The problem ::
Would you please copy all of the data exactly, skipping the images?

Recorded information ::
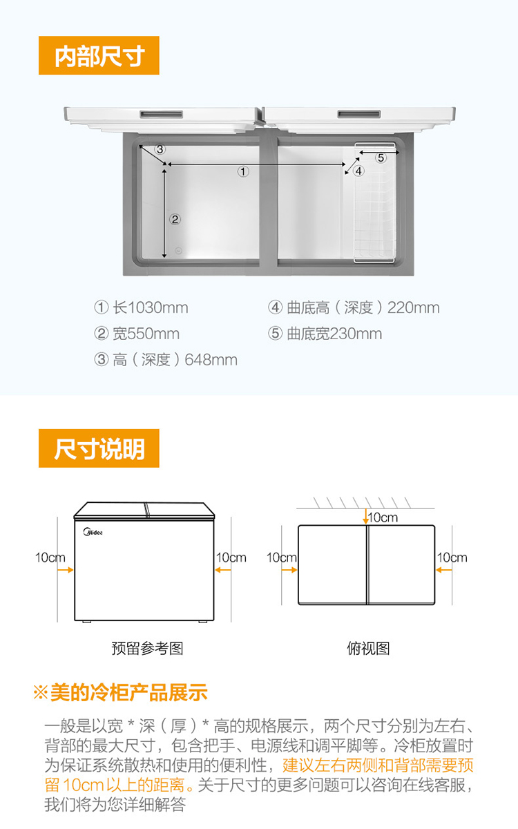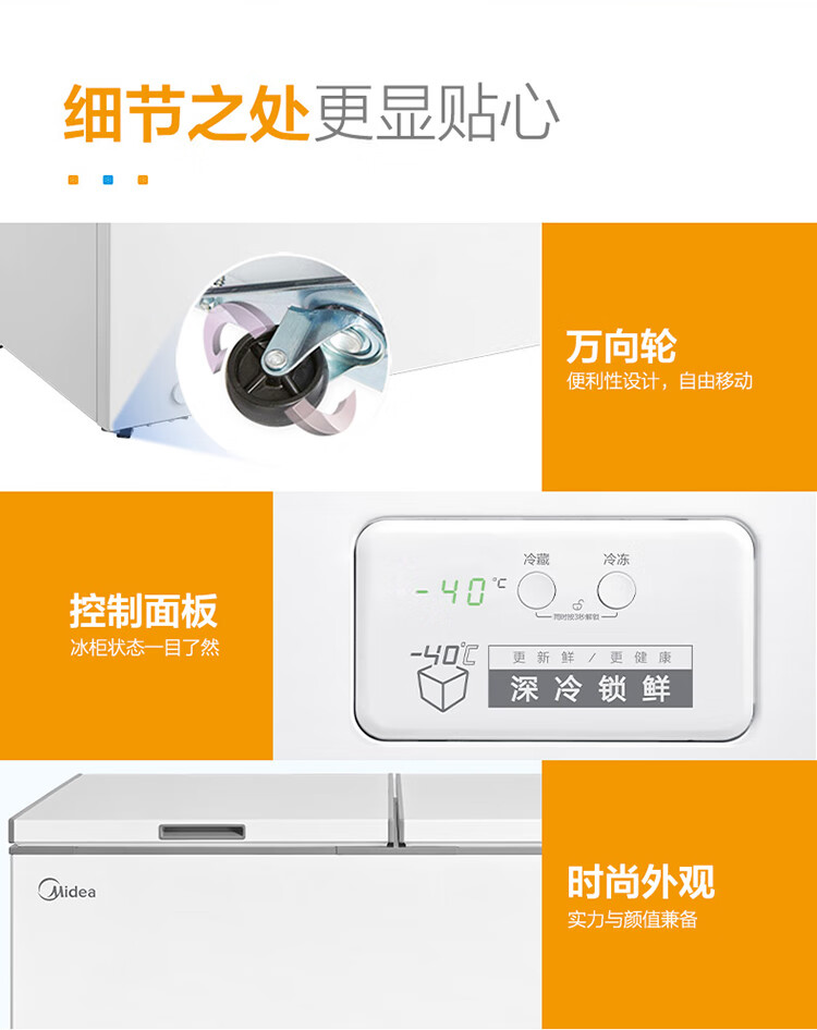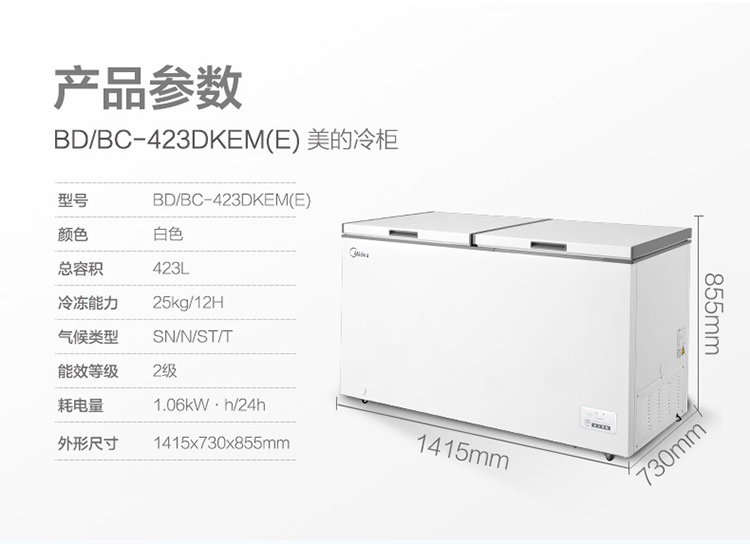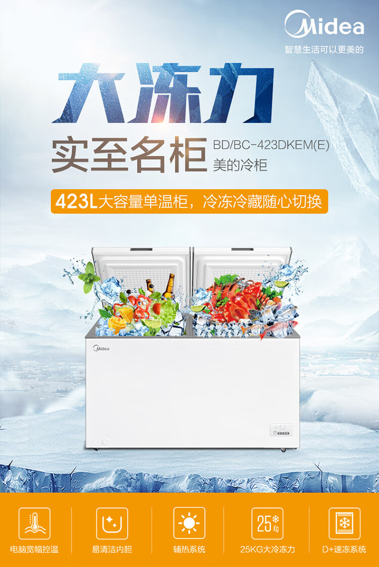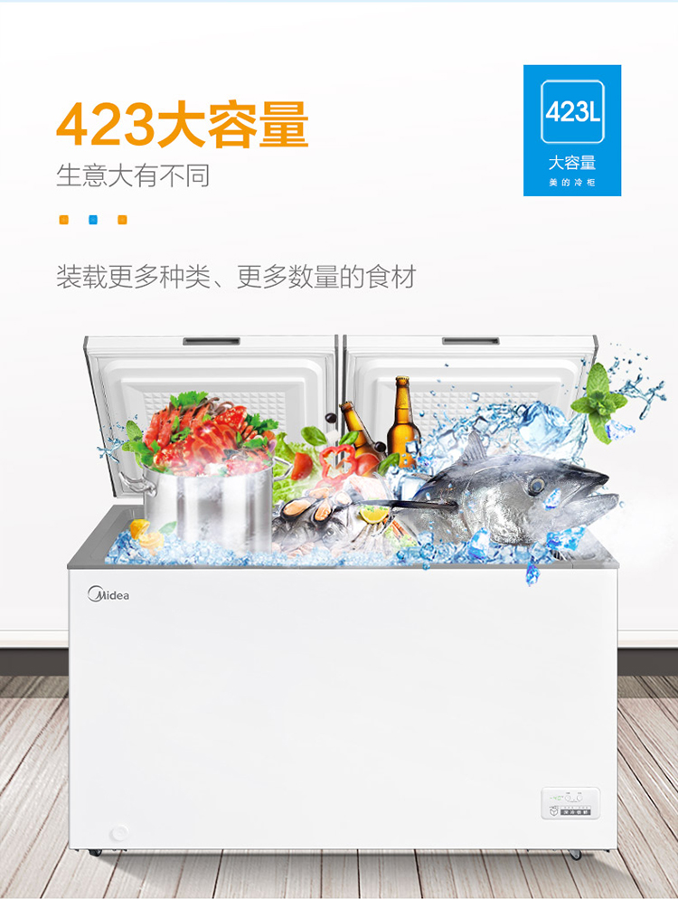 美的(Midea)423升 五面制冷商用大容积单温囤货冰柜 电子控温冻藏转换卧式冰箱 BD/BC-423DKEM(E) 以旧换新
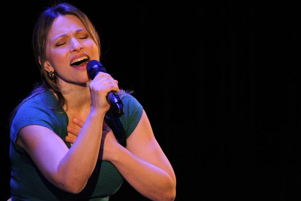 A woman with long blonde hair and a green T-shirt closes her eyes and sings passionately into a microphone held in her right hand.
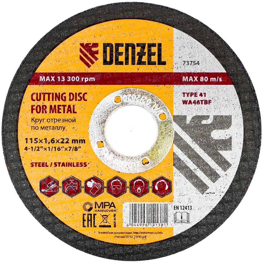 Круг отрезной по металлу 115х1,6х22,2 мм WA46TBF Denzel

Answer to this exercise ::
 美的(Midea)423升 五面制冷商用大容积单温囤货冰柜 电子控温冻藏转换卧式冰箱 BD/BC-423DKEM(E) 以旧换新
 A woman with long blonde hair and a green T-shirt closes her eyes and sings passionately into a microphone held in her right hand.
 Круг отрезной по металлу 115х1,6х22,2 мм WA46TBF Denzel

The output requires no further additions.